Dua karya ini, Frozen dan Maleficent, memang cenderung ingin menguatkan pandangan bahwa cinta pertama tidak ada apa-apanya, tidak selalu bahagia sejahtera sentosa, sakinah mawaddah warohmah. Di atas itu semua, hubungan keluarga adalah yang utama. Kira-kira begitulah pesan yang diangkat. Menurut desas-desus, dunia barat memang sempat resah karena beberapa karya film bucin membikin para remaja berandai-andai soal cinta pada pandangan pertama. Kisah cinta dalam cerita-cerita Disney dianggap unhealthy (tidak sehat) dan toxic (beracun), seperti disampaikan oleh Laura dalam loveisrespect.org.

Begitulah kiranya mengapa dimunculkan sosok dua bersaudara, Anna dan Elsa, dalam film Frozen yang awalnya punya hubungan renggang. Seiring berjalannya waktu, Anna menyadari hubungan cintanya dengan pangeran jahat membawa celaka, dan ikatan persaudaraannya dengan Elsa adalah yang terpenting untuk dijaga pada akhirnya. Sebagaimana hubungan Maleficent dan Putri Aurora yang sudah seperti keluarga ternyata mengalahkan kekuatan cinta di balik “ciuman” sang pangeran untuk sang putri.
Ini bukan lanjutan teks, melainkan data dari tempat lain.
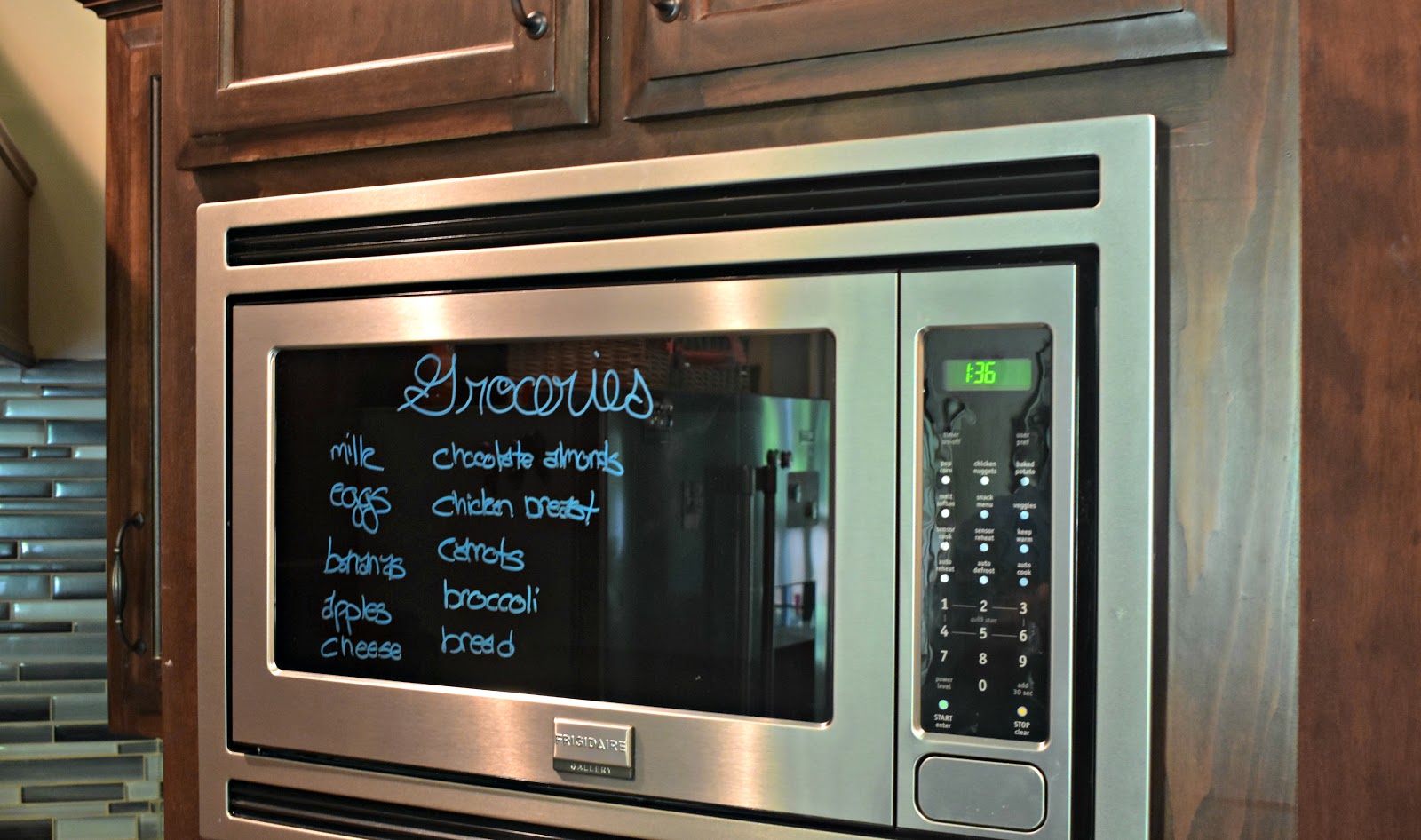 Of course, before there can be any celebrations there’s some behind the scenes work and planning that goes into hosting a great event. I have found that using the glass door on our microwave is a convenient place for me to jot down items we’re running low on or things I need for the week without having to pull out my phone while in the middle of cooking or going through paper lists that I’ll inevitably lose.

Lalu belakangan Disney muncul lagi dengan membawa film Aladdin (2019). Meskipun mengisahkan kisah cinta antara Aladdin dan Putri Jasmine, tetapi titik beratnya bukanlah pada hubungan keduanya. Melainkan pada perkembangan diri dan karakter kedua tokoh, khususnya Putri Jasmine. Begitu jelas, Disney ingin mengangkat semangat women empowerment dalam cerita tersebut. Inti ceritanya berpusat pada bagaimana keberaniaan Putri Jasmine untuk bersuara atas ketidakadilan yang dilakukan Ja’far, tokoh antagonis dalam cerita.

Menarik ya mengikuti perkembangan beragam alur cerita-cerita romantis itu. Kira-kira ke depan akan dibawakan seperti apa? Apakah teman-teman sudah ada pandangan? Share your thoughts, please!